* _PROBLEM TO WORK ON_:
Nothing but the lines below from the one with "Fig. 1. Habitus" through the one with "Carte du périmètre ACV2 à Ambérieu-en-Bugey" should be output, each exactly as given, and no pictures.

[[ DATA LISTING, beginning ]]

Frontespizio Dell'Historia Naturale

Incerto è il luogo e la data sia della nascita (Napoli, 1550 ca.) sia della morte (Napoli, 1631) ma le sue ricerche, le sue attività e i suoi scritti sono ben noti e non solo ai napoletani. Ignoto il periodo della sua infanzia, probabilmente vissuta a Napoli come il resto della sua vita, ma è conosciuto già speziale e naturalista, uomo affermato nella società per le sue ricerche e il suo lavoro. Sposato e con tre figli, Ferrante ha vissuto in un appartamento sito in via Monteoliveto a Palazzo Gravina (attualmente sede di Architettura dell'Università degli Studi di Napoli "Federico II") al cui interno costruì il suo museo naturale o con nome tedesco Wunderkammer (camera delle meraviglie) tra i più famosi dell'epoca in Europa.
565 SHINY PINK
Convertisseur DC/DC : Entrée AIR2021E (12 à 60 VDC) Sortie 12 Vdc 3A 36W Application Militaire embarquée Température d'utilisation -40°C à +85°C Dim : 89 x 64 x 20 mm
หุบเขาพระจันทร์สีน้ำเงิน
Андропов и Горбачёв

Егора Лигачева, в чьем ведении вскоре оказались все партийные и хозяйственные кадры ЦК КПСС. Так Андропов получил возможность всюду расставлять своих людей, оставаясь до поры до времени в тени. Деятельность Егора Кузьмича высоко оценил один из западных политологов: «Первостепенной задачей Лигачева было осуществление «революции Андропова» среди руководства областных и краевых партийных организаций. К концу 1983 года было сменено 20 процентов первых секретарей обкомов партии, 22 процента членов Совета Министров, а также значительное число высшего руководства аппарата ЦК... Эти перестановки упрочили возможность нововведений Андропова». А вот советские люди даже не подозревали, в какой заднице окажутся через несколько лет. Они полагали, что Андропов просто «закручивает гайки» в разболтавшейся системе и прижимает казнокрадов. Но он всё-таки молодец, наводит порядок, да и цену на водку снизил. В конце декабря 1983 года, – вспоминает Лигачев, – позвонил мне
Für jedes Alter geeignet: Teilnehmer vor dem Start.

[[ DATA LISTING, end ]]
[[ DATA LISTING, beginning ]]

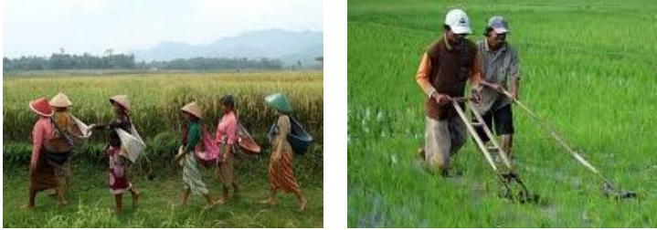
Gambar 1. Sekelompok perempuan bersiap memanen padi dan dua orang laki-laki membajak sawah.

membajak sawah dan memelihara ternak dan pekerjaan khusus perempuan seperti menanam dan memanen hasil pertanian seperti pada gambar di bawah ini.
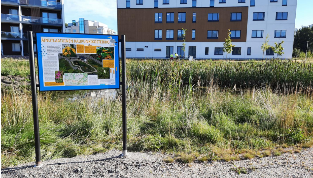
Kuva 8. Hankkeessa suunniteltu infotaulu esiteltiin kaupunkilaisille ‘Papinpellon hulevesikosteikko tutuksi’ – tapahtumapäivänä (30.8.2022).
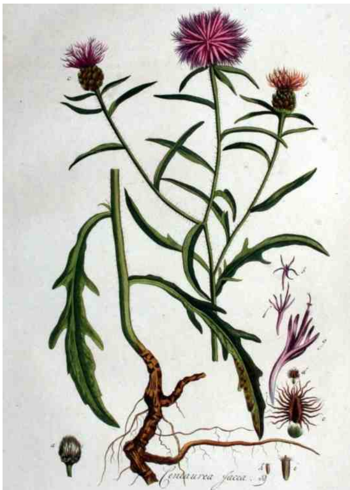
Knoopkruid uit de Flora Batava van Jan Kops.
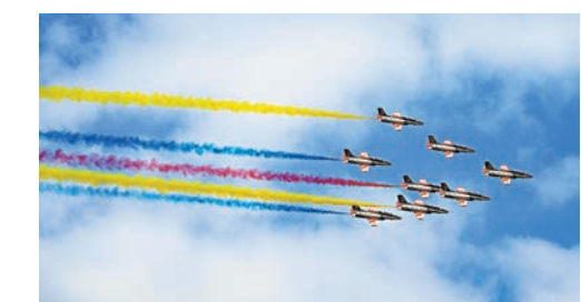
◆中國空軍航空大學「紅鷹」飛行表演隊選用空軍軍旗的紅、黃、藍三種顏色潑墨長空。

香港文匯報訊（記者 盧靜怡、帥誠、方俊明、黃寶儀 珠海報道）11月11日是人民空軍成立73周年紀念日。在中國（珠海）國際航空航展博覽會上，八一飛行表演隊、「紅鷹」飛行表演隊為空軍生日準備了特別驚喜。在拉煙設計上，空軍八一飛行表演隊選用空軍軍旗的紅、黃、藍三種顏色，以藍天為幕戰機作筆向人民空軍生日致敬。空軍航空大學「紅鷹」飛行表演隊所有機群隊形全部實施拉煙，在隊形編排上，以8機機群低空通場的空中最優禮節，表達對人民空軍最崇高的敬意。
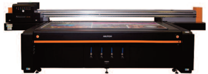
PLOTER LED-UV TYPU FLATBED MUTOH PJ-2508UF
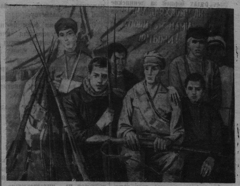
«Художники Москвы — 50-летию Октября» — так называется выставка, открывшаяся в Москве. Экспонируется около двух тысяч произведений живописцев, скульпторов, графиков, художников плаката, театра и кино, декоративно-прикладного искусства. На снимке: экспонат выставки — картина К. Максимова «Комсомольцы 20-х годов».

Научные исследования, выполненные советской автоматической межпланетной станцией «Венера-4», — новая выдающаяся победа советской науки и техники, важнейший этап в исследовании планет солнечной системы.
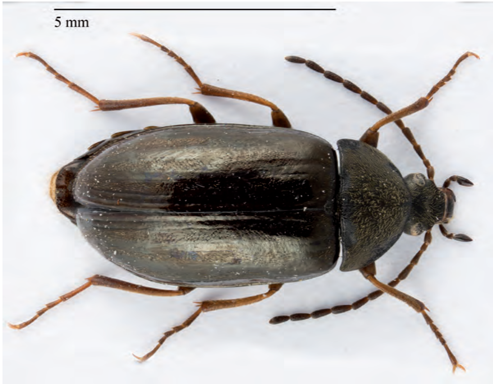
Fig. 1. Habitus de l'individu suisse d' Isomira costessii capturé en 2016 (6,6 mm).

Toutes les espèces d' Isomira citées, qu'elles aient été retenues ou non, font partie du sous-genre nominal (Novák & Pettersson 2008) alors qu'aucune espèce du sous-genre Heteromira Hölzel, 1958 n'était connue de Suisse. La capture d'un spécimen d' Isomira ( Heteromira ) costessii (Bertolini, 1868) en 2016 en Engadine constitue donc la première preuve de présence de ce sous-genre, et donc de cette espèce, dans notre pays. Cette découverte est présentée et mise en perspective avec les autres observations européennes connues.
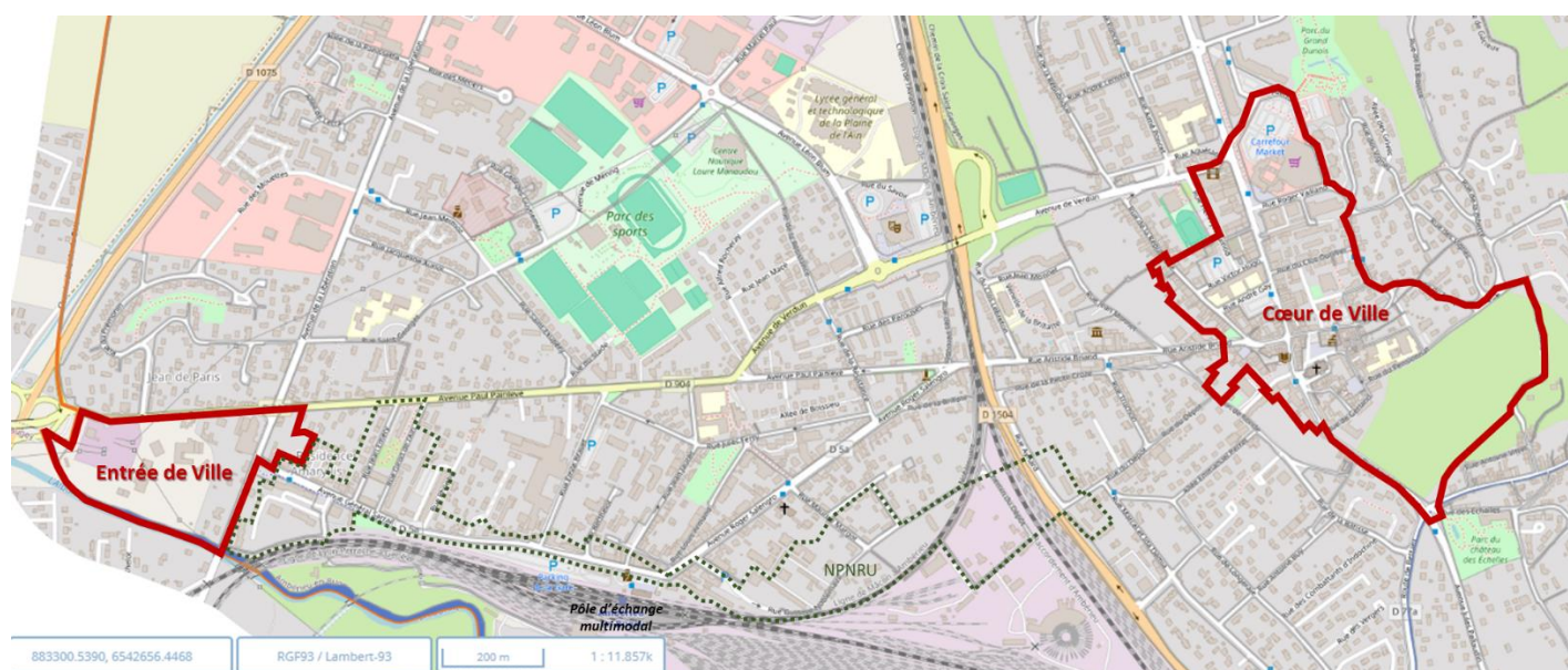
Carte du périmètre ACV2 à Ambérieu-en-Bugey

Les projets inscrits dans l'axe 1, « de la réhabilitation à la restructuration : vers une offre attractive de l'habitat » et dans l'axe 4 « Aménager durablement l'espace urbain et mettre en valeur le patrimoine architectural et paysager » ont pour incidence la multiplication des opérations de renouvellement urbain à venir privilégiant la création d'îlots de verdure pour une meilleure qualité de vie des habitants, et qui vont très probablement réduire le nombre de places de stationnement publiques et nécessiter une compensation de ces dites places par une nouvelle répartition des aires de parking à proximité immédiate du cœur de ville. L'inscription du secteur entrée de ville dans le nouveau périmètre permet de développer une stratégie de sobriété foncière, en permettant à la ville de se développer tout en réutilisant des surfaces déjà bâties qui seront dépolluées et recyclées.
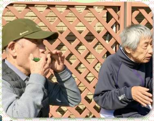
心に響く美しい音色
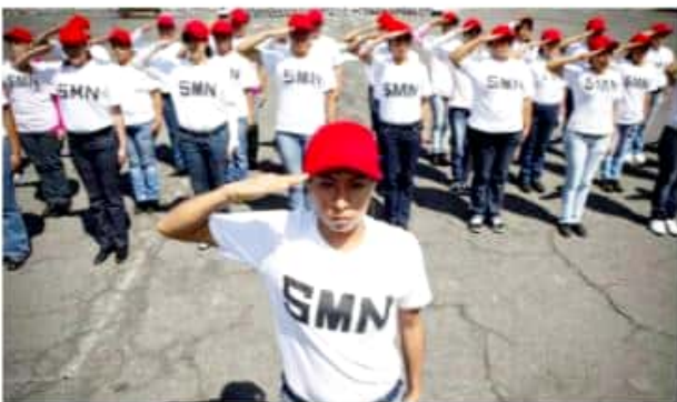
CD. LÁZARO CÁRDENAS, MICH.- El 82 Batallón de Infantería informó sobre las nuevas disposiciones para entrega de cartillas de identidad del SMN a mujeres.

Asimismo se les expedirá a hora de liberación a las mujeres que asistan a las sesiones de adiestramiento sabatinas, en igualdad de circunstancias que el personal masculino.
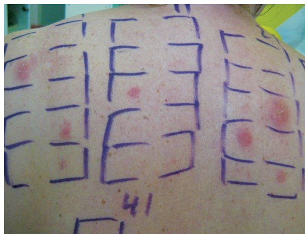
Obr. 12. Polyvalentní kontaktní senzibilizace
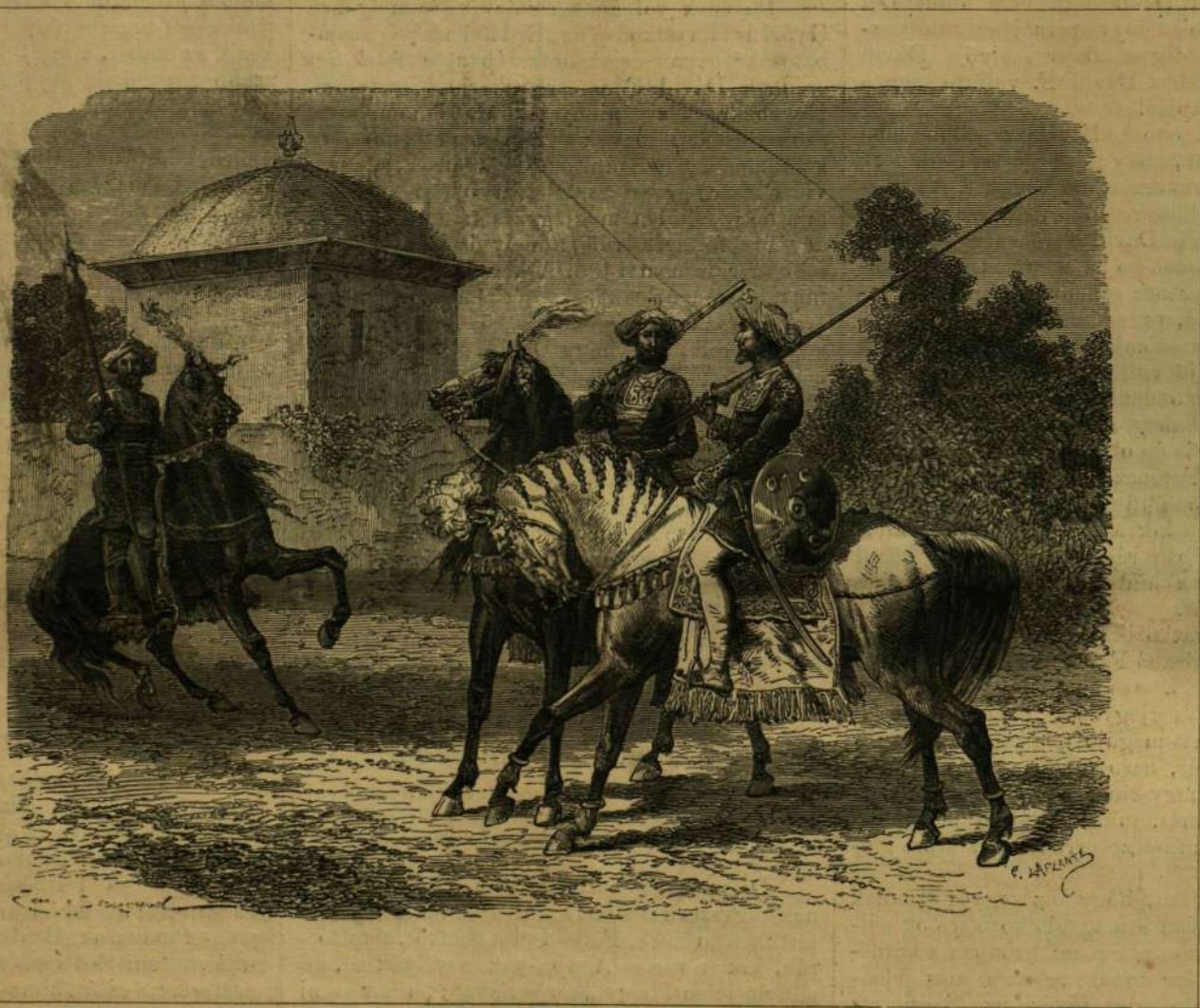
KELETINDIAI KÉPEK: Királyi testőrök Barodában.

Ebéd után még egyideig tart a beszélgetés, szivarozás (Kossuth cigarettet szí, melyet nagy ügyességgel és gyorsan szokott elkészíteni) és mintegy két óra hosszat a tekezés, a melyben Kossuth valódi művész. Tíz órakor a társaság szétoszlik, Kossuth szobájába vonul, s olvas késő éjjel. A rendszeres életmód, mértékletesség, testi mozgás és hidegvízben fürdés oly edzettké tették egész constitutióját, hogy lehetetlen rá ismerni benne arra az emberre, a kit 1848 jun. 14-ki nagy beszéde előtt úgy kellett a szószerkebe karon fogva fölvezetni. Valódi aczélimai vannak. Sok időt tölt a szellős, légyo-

[[ DATA LISTING, end ]]
[[ DATA LISTING, beginning ]]

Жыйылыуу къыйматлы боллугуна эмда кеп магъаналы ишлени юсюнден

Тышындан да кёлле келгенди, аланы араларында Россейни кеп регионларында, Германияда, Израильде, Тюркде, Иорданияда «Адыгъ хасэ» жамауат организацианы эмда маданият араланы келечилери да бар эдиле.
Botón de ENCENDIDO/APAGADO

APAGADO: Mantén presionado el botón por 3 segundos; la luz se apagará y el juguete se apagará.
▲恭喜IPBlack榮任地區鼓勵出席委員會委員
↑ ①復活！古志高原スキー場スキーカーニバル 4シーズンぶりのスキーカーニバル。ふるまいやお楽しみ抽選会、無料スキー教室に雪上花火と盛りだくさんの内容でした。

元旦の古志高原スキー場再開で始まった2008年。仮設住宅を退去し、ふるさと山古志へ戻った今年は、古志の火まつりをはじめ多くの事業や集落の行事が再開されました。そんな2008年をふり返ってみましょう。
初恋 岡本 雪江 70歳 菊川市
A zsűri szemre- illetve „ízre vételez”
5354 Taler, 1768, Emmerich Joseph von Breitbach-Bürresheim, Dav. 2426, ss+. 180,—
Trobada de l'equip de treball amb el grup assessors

[[ DATA LISTING, end ]]

* _RESPONSE BELOW_:
Fig. 1. Habitus de l'individu suisse d' Isomira costessii capturé en 2016 (6,6 mm).

Toutes les espèces d' Isomira citées, qu'elles aient été retenues ou non, font partie du sous-genre nominal (Novák & Pettersson 2008) alors qu'aucune espèce du sous-genre Heteromira Hölzel, 1958 n'était connue de Suisse. La capture d'un spécimen d' Isomira ( Heteromira ) costessii (Bertolini, 1868) en 2016 en Engadine constitue donc la première preuve de présence de ce sous-genre, et donc de cette espèce, dans notre pays. Cette découverte est présentée et mise en perspective avec les autres observations européennes connues.
Carte du périmètre ACV2 à Ambérieu-en-Bugey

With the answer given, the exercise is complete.